To further analyze the characteristics of deformation fields produced by different methods, figure 3 provides a detailed visualization of the deformation fields. The first two rows show visual comparison results with zoomed-in regions, where it can be seen that our method’s edges align better with the Canny-extracted fixed image edges than other methods. The third row’s Jacobian determinant color-coded maps reveal the local volume changes of the deformation: our LMBS-INR method shows smooth and physiologically plausible expansion-contraction patterns, with Jacobian values closer to the ‘ground truth’. In contrast, methods such as TransMorph and MultiGradICON exhibit extreme Jacobian values (deep red or blue regions) in certain areas, indicating unreasonable local compression or expansion. The fourth row displays the deformation field’s direction vectors and displacement magnitude, clearly showing the local displacement patterns estimated by each method, with our method’s displacement magnitude closest to the ‘ground truth’. The fifth row’s grid deformation visualization further confirms that grid deformations produced by our LMBS-INR method are smooth and regular, while other methods show varying degrees of grid distortion and folding, with larger deviations from the ‘ground truth’. It is worth emphasizing that all evaluated registration methods (including our LMBS-INR) are fully unconstrained 3D registration algorithms that allow free deformation in all spatial directions, not just the phase encoding direction. Therefore, from the visualization results in the fourth and fifth rows, we can see that the registration results of our LMBS-INR are more consistent with physical plausibility.

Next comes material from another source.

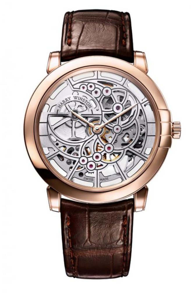 Известная на весь мир американская компания Harry Winston, которая специализируется на изготовлении великолепных часов, а также ювелирных изделий, и берет свое начало в далеком 1932 году, представляет Вашему вниманию очередную модель мужских наручных часов Midnight Skeleton 450/MAS42RL.W из коллекции Midnight. Данная модель будет интересна любителям необычных классических дизайнов, подчеркивающие оригинальный стиль, а также функциональных устройств. Корпус круглой формы отполирован до блеска, выполнен из розового золота в восемнадцать карат, его размер составляет 42 х 7.5 мм. Основные функции часов это часы, минуты. Механизм часов автоматический, имеет запас хода на 42 часа. Циферблат часов серебристого цвета, гильошированный, что подчеркивает элегантность изделия. Браслет часов коричневый, выполнен из кожи аллигатора, оснащен откидной золотой застежкой. Стрелки которые находятся на циферблате, отлиты вручную из вороненной стали. Прочное сапфировое стекло закрывает корпус, а задняя крышка находится под давлением. Водонепроницаемость модели составляет 30 метров. Заводной ключ находится на позиции трех часов. Еще одна, пожалуй самая главная особенность модели, это циферблат скелетон.

Visualization of deformation fields produced by different methods on the simulated distortion dataset. The first row displays the fixed image, distorted image, and registered images using different methods, with orange contours of the fixed image extracted by Canny edge detection and overlaid on different images. The second row shows zoomed-in regions of the first row. The third row shows Jacobian determinant maps with color coding indicating local volume changes of the deformation: red indicates expansion, blue indicates contraction. The fourth row displays the deformation field’s direction vectors and displacement magnitude, and the fifth row shows grid deformation visualization revealing local deformation patterns.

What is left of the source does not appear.